Beberapa hari ini masyarakat dihebohkan rencana Bank Indonesia  (BI) untuk meredenominasi rupiah. Pada 18  Mei 2010 lalu rencana  ini sebenarnya sudah terbuka kepada publik saat dimulai Penjualan Surat Utang Negara (SUN) Denominasi Rupiah di Bursa Efek Indonesia (BEI). Tapi, ingar bingar Piala Dunia menenggelamkannya. Yang terasa  mengagetkan  publik adalah respons Menteri Keuangan Agus Martowardoyo, yang menyatakan tidak tahu-menahu rencana BI tersebut.  Ada apa ini?

Pelaksanaannya sendiri, tentu saja, menunggu dana hasil penjualan SUN ini. Kenyataan bahwa sumber biaya  redenominasi rupiah tersebut  adalah hasil  utang ini yang seharusnya justru jauh lebih mengejutkan ketimbang reaksi Menteri Keuangan di atas. Sebab, secara politik, BI memang bukan bagian dari Republik Indonesia, dan Gubernur BI (yang beberapa bulan lalu juga kosong) bukan bagian dari Kabinet RI lagi.  

Wakil Presiden RI Boediono yang merupakan mantan gubernur BI,  pun cuma  menegaskan, "Bahwa itu adalah kewenangan Bank Indonesia!" Tentu saja. Bukankah BI adalah  bagian dari International Monetary Fund (IMF)? Apa yang bisa dibuat oleh Republik Indonesia?

Memahami Redenominasi

Bagi masyarakat pun  tidak terlalu penting soal silang sengketa itu, tetapi akibat dari proyek redenominasi itulah yang perlu dimengerti dan diantisipasi. Sebab, masyarakat yang  menerima akibatnya, maka masyarakat perlu memahami tindakan yang bisa diambilnya untuk menyelamatkan harta bendanya. Kalau redenominasi itu dilaksanakan, atau selama masa rencana ini,  apa yang bisa dilakukan?

Redenominasi  merupakan tindakan rekalibrasi mata uang. Langkah ini  dilakukan karena dua alasan (1) inflasi atau (2) devaluasi.  Atau, bukan  karena keduanya, melainkan dengan alasan geopolitik tertentu. Ini terjadi, misalnya, ketika berbagai negara di Eropa bersepakat untuk memiliki mata uang regional euro, yang mengharuskan tiap negara pesertanya merekalibrasi mata uang nasional masing-masing.  Bila  karena inflasi ada dua variasi, yaitu hiperinflasi atau  inflasi sangat tinggi dalam tempo singkat, atau inflasi kronis, yaitu inflasi yang terus-menerus terjadi dalam waktu panjang. 
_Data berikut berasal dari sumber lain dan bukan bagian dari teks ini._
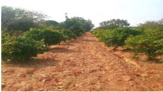
Figura 4: área agrícola
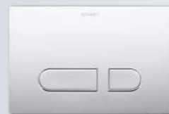
DuraSystem® — Betätigungsplatte A1 Kunststoff Chrom Hochglanz — Actuator plate A1 Plastic high-gloss chrome — Pulsador A1 Material sintético cromado brillante # WD5001 021 000
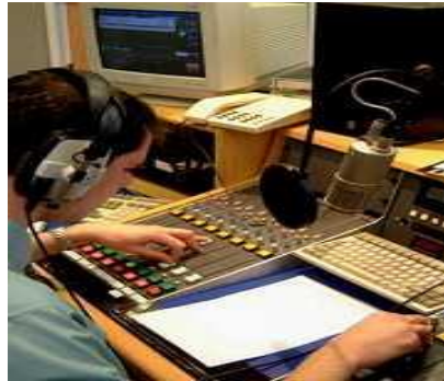
Resim 1.6: Spor programı sunumu

Secara teknis redenominasi mata uang nasional adalah rekalibrasi  mata uang suatu negara  dengan cara mengganti currency unit  mata uang lama (yang berlaku)  dengan  mata uang yang baru, yang dipakai sebagai satu unit mata uang. Bedanya dengan devaluasi adalah pada yang terakhir ini unit rekalibrasinya adalah mata uang asing, umumnya dolar AS.  Kalau inflasinya sangat besar, maka rasioanya juga akan besar, bisa kelipatan 10, 100, 1.000, atau lebih besar lagi. Dalam hal ini, proses itu lalu disederhanakan, dan disebut sebagai "penghilangan angka nol". 

Nasib Rupiah

Sepanjang umurnya  yang 65 tahunan rupiah sudah mengalami berkali-kali rekalibrasi. Yang dicatat dalam buku sejarah di sekolah adalah saat rezim Orde Lama  pada 31 Desember 1965, memangkas nilai Rp 1.000 menjadi Rp 1.  Istilah yang populer untuk peristiwa ini adalah sanering. Penyebabnya adalah hiperinflasi. Sesudah Orde Lama jatuh, selama kurun pemerintah Orde Baru, rupiah juga mengalami berkali-kali rekalibrasi, dengan istilah berbeda, yakni devaluasi. 

Atas desakan IMF dan Bank Dunia  rupiah didevaluasi pada  Maret 1983, sebesar 55%, dari Rp 415 per dolar  AS menjadi lebih dari Rp 600 per dolar AS. Rupiah, kembali atas tekanan IMF dan Bank Dunia, didevaluasi lagi  pada September 1986, sebesar 45%, menjadi sekitar Rp 900 per dolar AS.   Dari waktu ke waktu nilai tukar rupiah lalu terus mengalami depresiasi sampai mencapai angka sekitar Rp 2.200 per dolar AS  sebelum 'Krismon'  1997. Nilai rupiah kemudian  'terjun bebas' pertengahan 1997,  dan sejak itu terus  terombang-ambing--lagi-lagi atas kemauan IMF dan Bank Dunia--dalam sistem kurs mengambang (floating rate), dengan titik terendah yang pernah dicapai sebesar Rp 15.000 per dolar AS,  di awal 1998, dan saat ini stabil di sekitar Rp 9.200 per dolar AS.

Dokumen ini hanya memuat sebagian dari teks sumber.